Ecstasy of a Wounded Man

“Erotic love shows most vividly one of the deepest paradoxes of human life: that we are complete and fulfilled not so much in being ourselves as in transcending ourselves.” -Dr. John D. Finley


I love being married. Living and working life out with Ania is my greatest gift. The delight and surprise of it all humbles me.


Marital intimacy is the Designer’s dream. And a bit terrifying: to be naked and…a little ashamed! Yet the sweet invitation to affirm and to be affirmed, to choose and to be chosen in our true naked selves is a marvel of Christian love.
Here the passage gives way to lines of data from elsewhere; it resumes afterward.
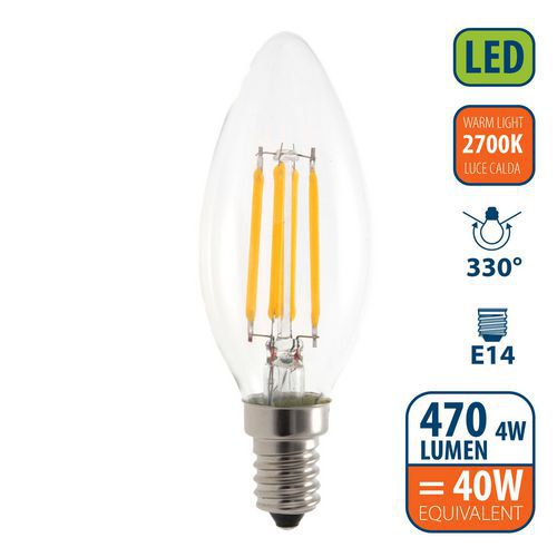 Mit seiner Lebensdauer von 20.000 Stunden (mehr als der Marktstandard) kann das Leuchtmittel mehr als 15 Jahre halten (bei einer täglichen Verwendung von 3 Stunden) Sie liefert binnen kürzester Zeit 470 Lumen, ohne dass Sie warten müssen, dass sich die Glühbirne aufwärmt Transparenter Diffusor, der für ein ähnliches Licht wie bei früheren Glühlampen sorgt Die „LED-Leuchtfaden“-Technologie sorgt für einen hyperdiffusen 330-Grad-Strahl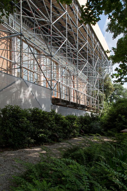 在2018年威尼斯建筑双年展上,英国馆被脚手架覆盖着,支撑着屋顶水平的露天广场。策展团队与艺术家马库斯·泰勒(marcus taylor)共同设计了一个名为caruso st john architects的展览,以两种完全不同的环境作为对此次展览主题的回应。与屋顶上新的公共聚集空间形成鲜明对比的是,展馆内部被有意抛弃——在2017年的最后一场展览之后,没有受到影响。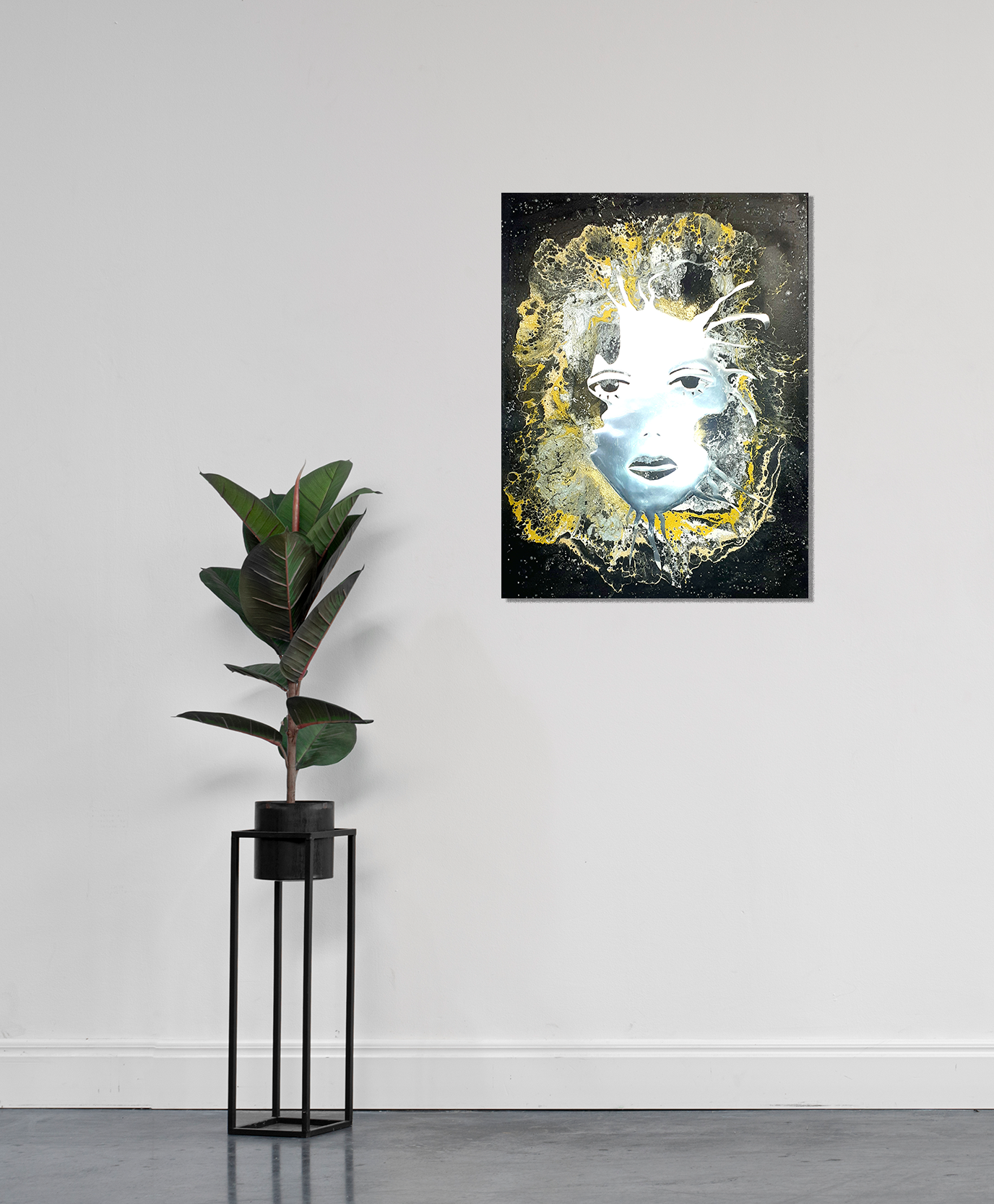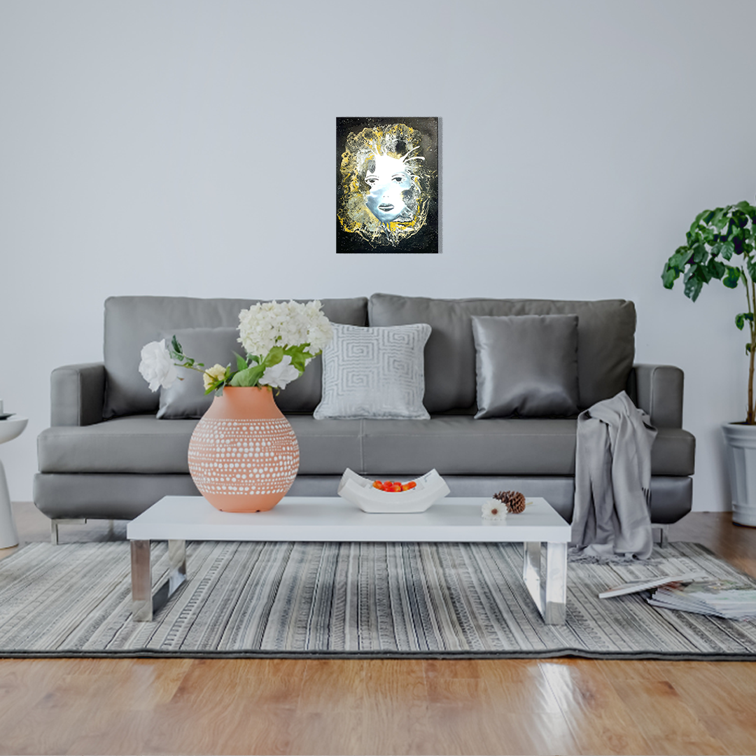 Acrylique sur toile lin 40 cm x 60cm, châssis bois, verni mat et collage miroir.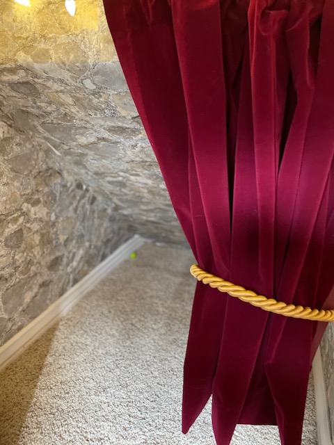 I wanted to divide the area into sections. I wanted some spots to resemble Kings Cross Station and Platform 9 3/4, some areas to look like Hogwarts, and one section to look like a living space is Gryffindor common area. I knew I would be putting a bunch of toys in here for my nieces and nephews to play with, but I didn’t want it to look over run with clutter, which would be easy to do in such a small space. So, I looked to Lushes Curtains for a simple and unique solution. This online retailer was amazing to work with! They created a custom burgundy flocked velvet curtain with gold rope tie backs for one of the walls. The process couldn’t have been easier for me. There is no way I could have found a more perfect solution for toy storage. I simply measured the area and explained what I wanted to do. They helped me come up with just the right size curtain for the space. I added a simple curtain rod to the wall and I had these hung up in no time. I love that the red velvet looks like something straight out of a castle. The quality of the curtains is amazing, just the right texture and weight for the space. I can keep the curtain tied back for a neat look, or I can undo it to hide any unsightly mess created by bigger toys. I highly recommend Lushes Curtains for all your curtain needs!

How stunning that our intimate, self-gift--to the point of surrendering complete control – grants the Creator access to our powers of life and love. In our holy nakedness, we invite the Creator, unencumbered by contraception, into the very ground of our union. Therein lies an incredible possibility of transcending ourselves through new life.


Now let’s be honest – I’m a married, wounded man. While I offer my gift of self, I reckon daily with the reality that my “true self is not a perfect self” (Living Waters, 189). “Ecstasy” is no honeymoon from my wounds. Being a man in love comes with responsibility of self-awareness and moral surrender: learning to love better through my wounds.
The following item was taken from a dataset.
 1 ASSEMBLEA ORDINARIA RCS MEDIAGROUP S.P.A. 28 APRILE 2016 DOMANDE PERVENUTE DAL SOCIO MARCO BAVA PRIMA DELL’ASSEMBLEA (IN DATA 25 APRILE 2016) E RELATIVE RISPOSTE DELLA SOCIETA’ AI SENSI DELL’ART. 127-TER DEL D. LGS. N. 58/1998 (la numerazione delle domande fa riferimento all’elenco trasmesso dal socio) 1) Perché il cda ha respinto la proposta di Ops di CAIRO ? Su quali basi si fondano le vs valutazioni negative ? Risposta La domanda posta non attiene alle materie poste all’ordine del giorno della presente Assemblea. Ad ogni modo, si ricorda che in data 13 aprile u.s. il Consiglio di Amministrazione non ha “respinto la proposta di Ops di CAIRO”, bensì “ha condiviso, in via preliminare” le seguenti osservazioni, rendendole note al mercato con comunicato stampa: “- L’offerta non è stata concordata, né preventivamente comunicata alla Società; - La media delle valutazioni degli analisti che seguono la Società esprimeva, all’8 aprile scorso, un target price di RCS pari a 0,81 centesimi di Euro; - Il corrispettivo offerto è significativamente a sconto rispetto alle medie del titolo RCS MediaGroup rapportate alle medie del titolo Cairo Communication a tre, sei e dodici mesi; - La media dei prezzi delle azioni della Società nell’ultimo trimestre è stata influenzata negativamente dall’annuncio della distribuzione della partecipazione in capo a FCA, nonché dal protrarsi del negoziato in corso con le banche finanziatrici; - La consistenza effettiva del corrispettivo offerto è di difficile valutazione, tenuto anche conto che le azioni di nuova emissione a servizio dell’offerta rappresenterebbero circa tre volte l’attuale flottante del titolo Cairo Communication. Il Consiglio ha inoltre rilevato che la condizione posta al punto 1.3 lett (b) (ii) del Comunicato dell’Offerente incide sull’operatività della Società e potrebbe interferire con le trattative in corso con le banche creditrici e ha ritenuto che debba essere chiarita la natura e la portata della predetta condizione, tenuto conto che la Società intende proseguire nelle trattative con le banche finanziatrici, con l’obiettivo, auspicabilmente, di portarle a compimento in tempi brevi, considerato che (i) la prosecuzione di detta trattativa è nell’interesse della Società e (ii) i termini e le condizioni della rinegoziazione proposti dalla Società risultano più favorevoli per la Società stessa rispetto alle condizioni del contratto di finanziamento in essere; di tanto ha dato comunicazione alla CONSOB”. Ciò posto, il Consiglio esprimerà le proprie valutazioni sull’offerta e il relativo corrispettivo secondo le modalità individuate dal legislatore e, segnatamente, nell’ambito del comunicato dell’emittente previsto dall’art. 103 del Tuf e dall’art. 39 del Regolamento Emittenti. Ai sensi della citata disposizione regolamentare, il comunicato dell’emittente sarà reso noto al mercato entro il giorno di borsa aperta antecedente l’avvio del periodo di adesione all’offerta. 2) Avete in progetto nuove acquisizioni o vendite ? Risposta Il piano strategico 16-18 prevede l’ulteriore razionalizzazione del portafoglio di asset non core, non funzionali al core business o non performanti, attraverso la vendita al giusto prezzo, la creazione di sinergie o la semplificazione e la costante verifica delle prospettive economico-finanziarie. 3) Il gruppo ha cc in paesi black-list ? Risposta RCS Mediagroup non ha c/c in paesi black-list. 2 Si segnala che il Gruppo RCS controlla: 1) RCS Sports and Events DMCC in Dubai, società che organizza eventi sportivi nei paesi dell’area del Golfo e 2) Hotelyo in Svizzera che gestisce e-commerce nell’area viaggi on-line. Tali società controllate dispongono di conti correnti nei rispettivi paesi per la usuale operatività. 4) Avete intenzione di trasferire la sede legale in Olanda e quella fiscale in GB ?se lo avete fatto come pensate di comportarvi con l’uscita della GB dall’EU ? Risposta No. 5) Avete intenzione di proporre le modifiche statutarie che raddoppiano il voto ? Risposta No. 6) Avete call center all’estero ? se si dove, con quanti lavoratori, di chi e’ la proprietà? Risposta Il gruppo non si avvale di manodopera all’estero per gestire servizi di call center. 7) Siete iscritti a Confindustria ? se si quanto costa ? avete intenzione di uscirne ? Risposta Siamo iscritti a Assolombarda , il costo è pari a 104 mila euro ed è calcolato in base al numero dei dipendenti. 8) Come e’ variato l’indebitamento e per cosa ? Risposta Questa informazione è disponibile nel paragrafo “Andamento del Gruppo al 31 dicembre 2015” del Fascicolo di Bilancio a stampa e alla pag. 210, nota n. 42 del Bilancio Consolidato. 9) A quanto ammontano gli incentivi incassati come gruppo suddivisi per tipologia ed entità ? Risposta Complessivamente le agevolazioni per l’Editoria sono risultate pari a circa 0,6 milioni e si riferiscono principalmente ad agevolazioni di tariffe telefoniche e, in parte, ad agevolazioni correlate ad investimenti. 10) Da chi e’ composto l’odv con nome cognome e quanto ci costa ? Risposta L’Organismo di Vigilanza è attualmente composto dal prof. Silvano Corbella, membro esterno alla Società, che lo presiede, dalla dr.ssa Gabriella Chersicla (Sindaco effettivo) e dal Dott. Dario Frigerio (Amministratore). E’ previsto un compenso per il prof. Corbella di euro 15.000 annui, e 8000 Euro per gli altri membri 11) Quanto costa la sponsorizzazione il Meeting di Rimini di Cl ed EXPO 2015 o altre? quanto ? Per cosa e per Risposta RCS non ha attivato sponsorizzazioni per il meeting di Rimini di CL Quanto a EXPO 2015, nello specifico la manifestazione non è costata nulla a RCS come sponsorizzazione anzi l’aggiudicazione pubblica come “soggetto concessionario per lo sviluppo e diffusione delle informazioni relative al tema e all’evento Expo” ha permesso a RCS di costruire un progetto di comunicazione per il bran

Pope Benedict says it best: “Love is indeed ‘ecstasy’, not in the sense of a moment of intoxication, but rather as a journey, an ongoing exodus out of the closed inward-looking self towards its liberation through self-giving, and thus towards authentic self-discovery and indeed the discovery of God.” (Deus Caritas Est, 6)


In discovering more of myself, I give myself more fully to Ania. I’ve noticed this especially in the emotional realm.


A hard day at work doesn’t end when I leave the office. I have a responsibility to be “in communion” with this woman who needs to know why I’m on edge. My silence is not virtue; it hurts my bride. My "ecstatic" self offers Ania his good, bad, and ugly stuff. Jesus has given me another to refine this earnest, wounded gift of self. She cannot love what she does not know!


In marriage, I see how important it is to “read my wound.” Whenever a temptation to “check out” homosexually lurks at the door, I read my need to commune with my brothers. I remind myself that I’m a man among men. A temptation need not become “grasping” for the masculine. Jesus and brothers help me live in the light of my wound, and to stand in the potent gift I am.


Reality is an anchor for me, and I need my Christian brothers to bolster my fight.


Resurrected Jesus, victorious over all that seeks to divide, reconciles me to the good of my masculine gift. He sustains me in the “purity of my origins” (CCC 2336), with all the privileges and responsibilities that come with "manning up" for Ania.